The following cel of code uses the ipywidgets package 

In [44]:
# here we can change some of the parameters interactively
from ipywidgets import widgets as wd

def exploreLogisticRegression(penMethod, cost, algorithm, maxIterations, verboseN, dualOption, tolerance):
    model = LogisticRegression(random_state=randomState,
                               penalty='l2',
                               C=cost,
                               class_weight=None,
                               solver=algorithm,
                               max_iter = maxIterations,
                               verbose = verboseN,
                               dual = dualOption,
                               tol = tolerance * 1e-4)
    acc = cross_val_score(model,X,y=y,cv=cv)
    print("\n\nUsing the settings above:\n\nThe first iteration accuracy is",acc[0])
    print("The second iteration accuracy is",acc[1])
    print("The third iteration accuracy is",acc[2])

print('Logistic Regression Parameter Tuning:')
#Default values:
#PenMethod = l2, cost = .05, algorithm = lbfgs, maxIterations = 100
#verboseN = 0, dualOption = False, tolerance = 1e-4 or 1 on the sliders,
#
wd.interact(exploreLogisticRegression,
            penMethod=['l2','l1','elasticnet', 'none'],
            cost=(0.001,.5,0.05),
            algorithm = ['liblinear', 'saga', 'sag', 'newton-cg', 'lbfgs'],
            maxIterations = (50,500,10),
            verboseN = (0,10,1),
            dualOption = [False, True],
            tolerance = (1,10,1),
            __manual=True)

Logistic Regression Parameter Tuning:


interactive(children=(Dropdown(description='penMethod', options=('l2', 'l1', 'elasticnet', 'none'), value='l2'…

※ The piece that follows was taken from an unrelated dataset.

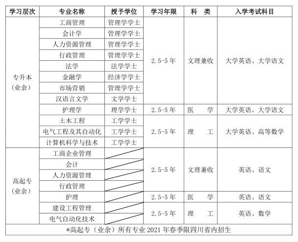 2. 专升本(业余)和高起专(业余)学制2.5年,学习期限2.5-5年。

<function __main__.exploreLogisticRegression(penMethod, cost, algorithm, maxIterations, verboseN, dualOption, tolerance)>

In [41]:
lr_clf = LogisticRegression(penalty='l2', C=0.05, solver='liblinear')
lr_clf.fit(X_train_scaled,Y_train)
y_hat = lr_clf.predict(X_test_scaled)
acc = mt.accuracy_score(Y_test,y_hat)
conf = mt.confusion_matrix(Y_test,y_hat)
print('accuracy:', acc )
print("Confusion Matrix:\n",conf,"\n")

accuracy: 0.8925877336831748
Confusion Matrix:
 [[5103  166]
 [ 489  340]] 



In [42]:
lr_clf = LogisticRegression(penalty='l2', C=0.05, solver='saga')
lr_clf.fit(X_train_scaled,Y_train)
y_hat = lr_clf.predict(X_test_scaled)
acc = mt.accuracy_score(Y_test,y_hat)
conf = mt.confusion_matrix(Y_test,y_hat)
print('accuracy:', acc )
print("Confusion Matrix:\n",conf,"\n")

accuracy: 0.8902918989832732
Confusion Matrix:
 [[5099  170]
 [ 499  330]] 





## Support Vector Machines

In [None]:
#Training the model
svm_clf = SVC(C=0.5, kernel='rbf', degree=3, gamma='auto')
svm_clf.fit(X_train_scaled, Y_train)

#Generating Predictions
y_hat = svm_clf.predict(X_test_scaled)

#calculating accuracy and confusion matrix and printing the two
acc = mt.accuracy_score(Y_test,y_hat)
conf = mt.confusion_matrix(Y_test,y_hat)
print('accuracy:', acc )
print("Confusion Matrix:\n",conf,"\n")

#Printing Support Vector shapes and information
print("The shape of the support vectors is ",svm_clf.support_vectors_.shape)
print("The indices of support vectors are",svm_clf.support_.shape)
print("The numbers of support vectors for each class are",svm_clf.n_support_, "\n")

In [None]:
# make a dataframe of the training data
df_tested_on = bankData2.iloc[train_indices].copy() # saved from above, the indices chosen for training
# getting the support vectors from the trained model
df_support = bankData2.iloc[svm_clf.support_,:].copy()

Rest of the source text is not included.